### YOUR GOAL
Write out each record exactly as it stands. No pictures belong in the copy.

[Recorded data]
▼

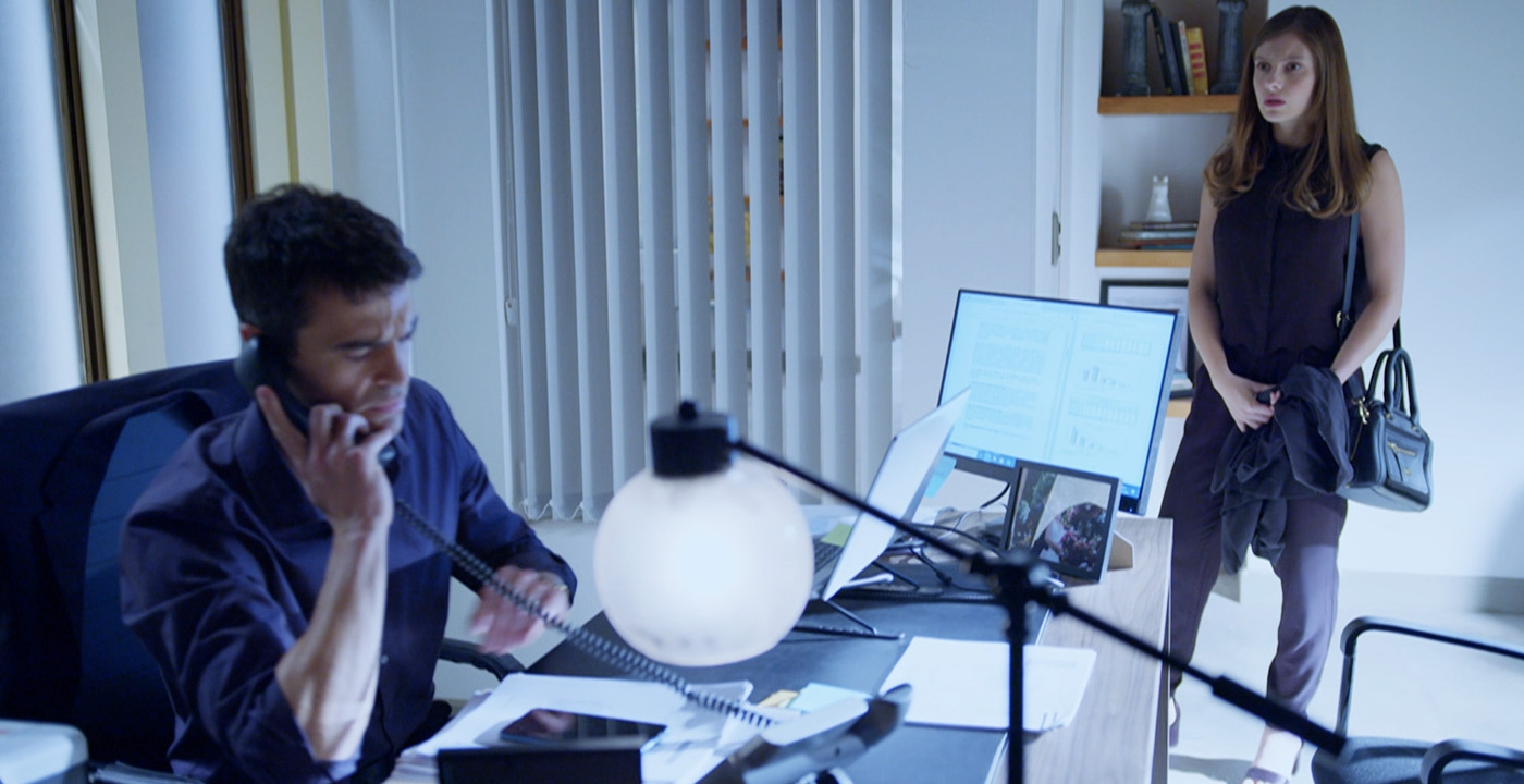 Cuando se da cuenta, el profesor de tenis retoma la calma y desvía la atención de su pareja, recordándole que tiene que asistir al funeral de la esposa de Ángel (Rodrigo Soto).
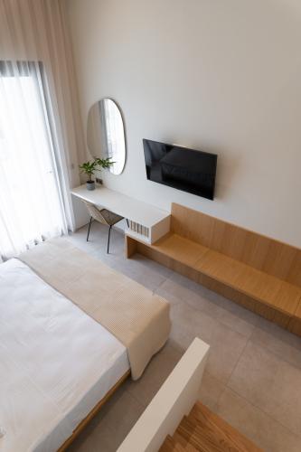 Discover a height of luxury at our Deluxe Loft with pool view on the 1st floor in Nikiti, Halkidiki. Nestled above the crystal-clear waters, this loft offers a unique blend of sophistication and breathtaking views, designed to enchant every guest. Step into an elegantly furnished space where every detail exudes luxury, from the 2 King Size beds to the sophisticated office area. The fully-equipped kitchenette with high-end appliances including a stovetop, a refrigerator, kitchenware and espresso machine, invites you to indulge in culinary delights with a view. Equipped with modern essentials such as 2 SMART TVs, air conditioning, and complimentary Wi-Fi, this loft isn’t just a place to sleep—it’s a retreat to remember.The quadruple room offers air conditioning, soundproof walls, as well as a private bathroom featuring a shower and a hairdryer.
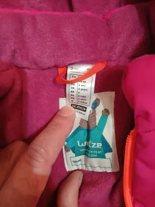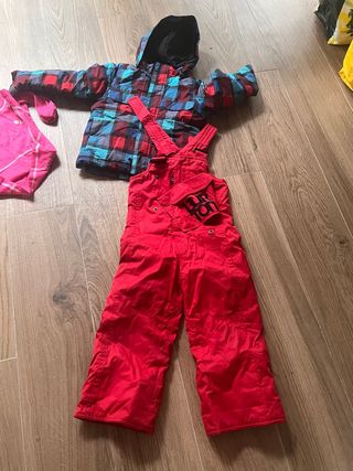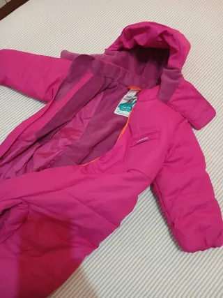 Mono de nieve en perfecto estado, supercalentito y cómodo. - Diseño con detalles en rosa y azul. - Cremalleras y hebillas visibles.
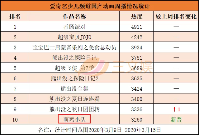 爱奇艺少儿动画榜单排名很稳定,上周有一部新晋榜单作品。
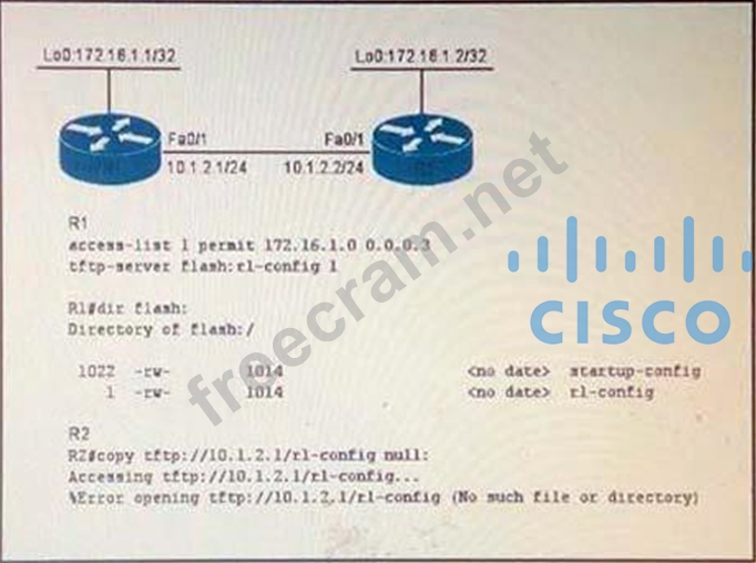 Refer to the exhibit. When R2 attempted to copy a file from the TFTP server, it received this error message. Which action can you take to correct the problem?

▲

### ANSWER SPACE
 Cuando se da cuenta, el profesor de tenis retoma la calma y desvía la atención de su pareja, recordándole que tiene que asistir al funeral de la esposa de Ángel (Rodrigo Soto).
 Discover a height of luxury at our Deluxe Loft with pool view on the 1st floor in Nikiti, Halkidiki. Nestled above the crystal-clear waters, this loft offers a unique blend of sophistication and breathtaking views, designed to enchant every guest. Step into an elegantly furnished space where every detail exudes luxury, from the 2 King Size beds to the sophisticated office area. The fully-equipped kitchenette with high-end appliances including a stovetop, a refrigerator, kitchenware and espresso machine, invites you to indulge in culinary delights with a view. Equipped with modern essentials such as 2 SMART TVs, air conditioning, and complimentary Wi-Fi, this loft isn’t just a place to sleep—it’s a retreat to remember.The quadruple room offers air conditioning, soundproof walls, as well as a private bathroom featuring a shower and a hairdryer.
 Mono de nieve en perfecto estado, supercalentito y cómodo. - Diseño con detalles en rosa y azul. - Cremalleras y hebillas visibles.
 爱奇艺少儿动画榜单排名很稳定,上周有一部新晋榜单作品。
 Refer to the exhibit. When R2 attempted to copy a file from the TFTP server, it received this error message. Which action can you take to correct the problem?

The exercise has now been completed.